A circle inscribed in a triangle divides one of the sides into segments equal to 3 and 4

A circle inscribed in a triangle divides one of the sides into segments equal to 3 and 4, and the angle opposite to this side is equal to 120. Find the area of the triangle.

Let’s draw the radii OK, ОМ, ОН to the points of tangency.
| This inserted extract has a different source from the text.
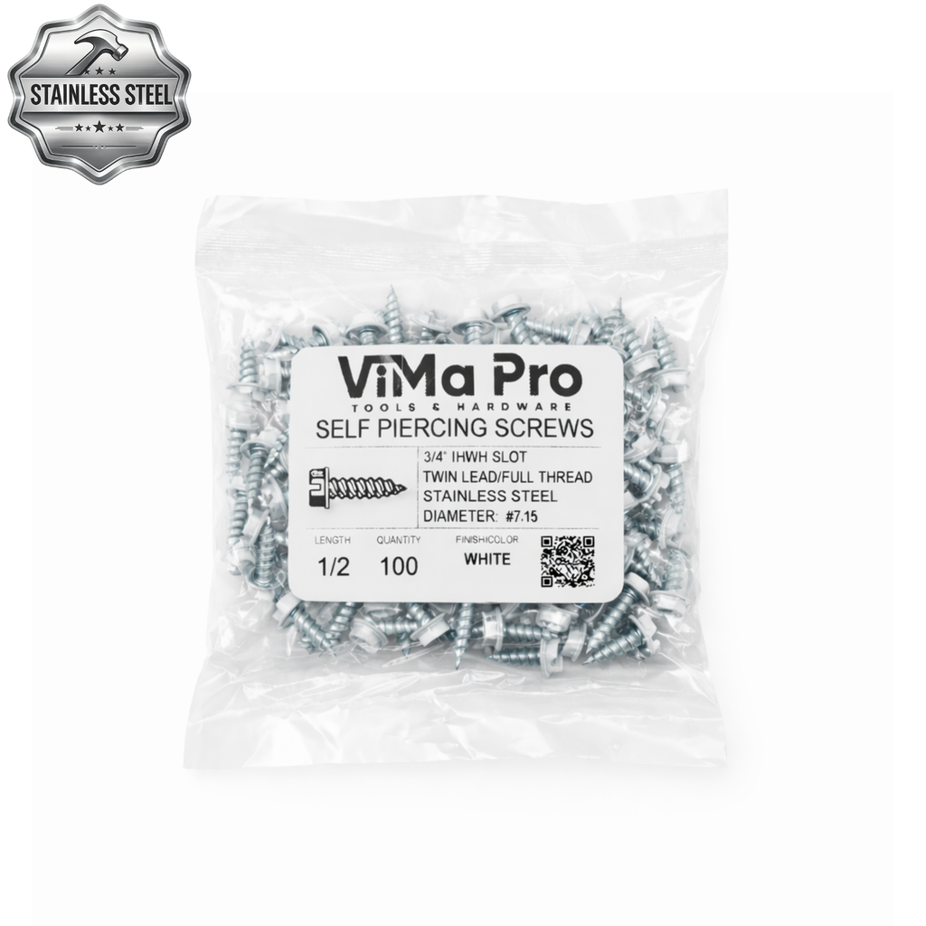 Self Piercing Stainless Steel "Zip" Screws 1/4" Hex Head - #7 x 1/2" White (100/bag)

By the property of a tangent drawn from one point, AK = AH = 3 cm, CM = CH = 4 cm.Let BK = BM = X cm, then AB = (3 + X) cm, BC = (4 + X) cm.

By the cosine theorem: AC ^ 2 = AB ^ 2 + BC ^ 2 – 2 * AB * BC * Cos120.

49 = X ^ 2 + 6 * X + 9 + X ^ 2 + 8 * X + 16 + X ^ 2 + 3 * X + 4 * X + 12.

3 * X ^ 2 + 21 * X – 12 = 0.

X ^ 2 + 7 * X – 4 = 0.

Let’s solve the quadratic equation.

X = (√65 – 7) / 2.

Let’s define the semiperimeter of the triangle ABC. P = (7 + 3 + 4 + (√65 – 7)) / 2 = (7 + √65) / 2 cm.

The triangle BОК and BОМ is equal in leg and hypotenuse, then the angle ODK = 60.

In a right-angled triangle BOK, OK = R = BK * tg60 = ((√65 – 7) * √3 / 2) see.

Then Sас = р * R = ((7 + √65) / 2) * ((√65 – 7) * √3 / 2) = (65 – 49) * √3 / 4 = 4 * √3 cm2.

Answer: The area of ​​the triangle is 4 * √3 cm2.